# MoYu AoFu 7x7 First Impressions!



## CubeorCubes (Jun 27, 2014)

[video=youtube_share;QPTUZF7FsC0]http://youtu.be/QPTUZF7FsC0[/video]

First impressions on the Moyu Aofu

The feel of this cube is just like the MoYu Aosu. The cubies are slightly smaller compared to a standard Shengshou 7x7, which is understandable as the Aofu is slightly smaller. Overall it is a great cube and Shengshou has competition.


----------



## Lazy Einstein (Jun 27, 2014)

Ooo exciting. I am kind of excited to get this cube. Glad to see it turned out to be good. I have really high hopes for the 5x5x5 and 6x6x6 now.

Nice review.


----------



## Rocky0701 (Jun 27, 2014)

Sweet!

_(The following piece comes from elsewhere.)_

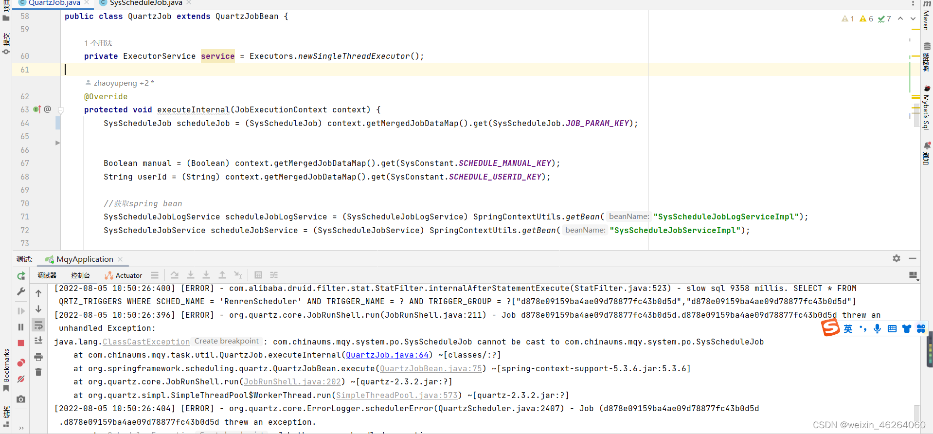quatzy获取参数强转异常,devtools类加载机制问题 目的是实现热部署,这样在重启的时候只需要释放掉restartClassLoad加载的class文件也就是自己编写的对象。很明显这里findClass(name)先从自身加载,加载不到再通过base加载。熟悉spring的你肯定又猜到了,没错就是这个devtools依赖惹的祸。先从自身查找,没有的话再去父类查找的加载顺序破坏了双亲委派机制。jdk自带的一些class就不用重新加载了,实现了快速部署。此时默认你了解jdk的类加载机制包括双亲委派机制,猜到了吗,他们的加载器不一致。2.使用同一个类加载器加载。..

I will probably get the 6x6 when it comes out, just because I still need a 6x6. I am predicting that Kevin will take back the 7x7 average and single at nats.


----------



## Deleted member 19792 (Jun 27, 2014)

Yes, for 7x7, pillowed cubes are allowed. If we banned the pillowed 7x7, it might cause a huge disappointment since:

Lin Chen holds WR with the V-cube 7
MoYu's cubes are pretty good, and considering that the 7x7 would be good, people would use it in competition.


----------



## CiaranBeahan (Jun 27, 2014)

Knowing now that it's smaller then than the normal sized shengshou 7x7 and seeing that it turns so good makes me want it now. I hope the 5x5 and 6x6 turn out as good.


----------



## guysensei1 (Jun 27, 2014)

I really want this cube! But I'm not huge into 7x7. 6x6 is more appealing to me. I will wait for the Moyu Aoshi!


----------



## rj (Jun 27, 2014)

Wow. I might get one, as my current 7x7 sucks.


----------



## Chree (Jun 27, 2014)

Pretty glad I preordered it now. Though slightly smaller than a full sized shengshou, it's still gonna be slightly bigger than the shengshou mini. We shall see if preferences shift.


----------



## Cubeologist (Jun 28, 2014)

CubeorCubes said:


> First impressions on the Moyu Aofu



Wow I need to step my game up. I didn't even know this cube was out for pre-order until I saw that your unboxing/first impressions video in my subscription list haha. But I would say after MoYu saw everyone going to the 7x7 mini, they made the cube a bit smaller completely on purpose.

It looks like Au_____ is going to take over WCA.

P.S. I am crazy jealous of how early you get these cubes.


----------



## Ameen J (Jul 3, 2014)

Is this better than the Shengshou 7x7?


----------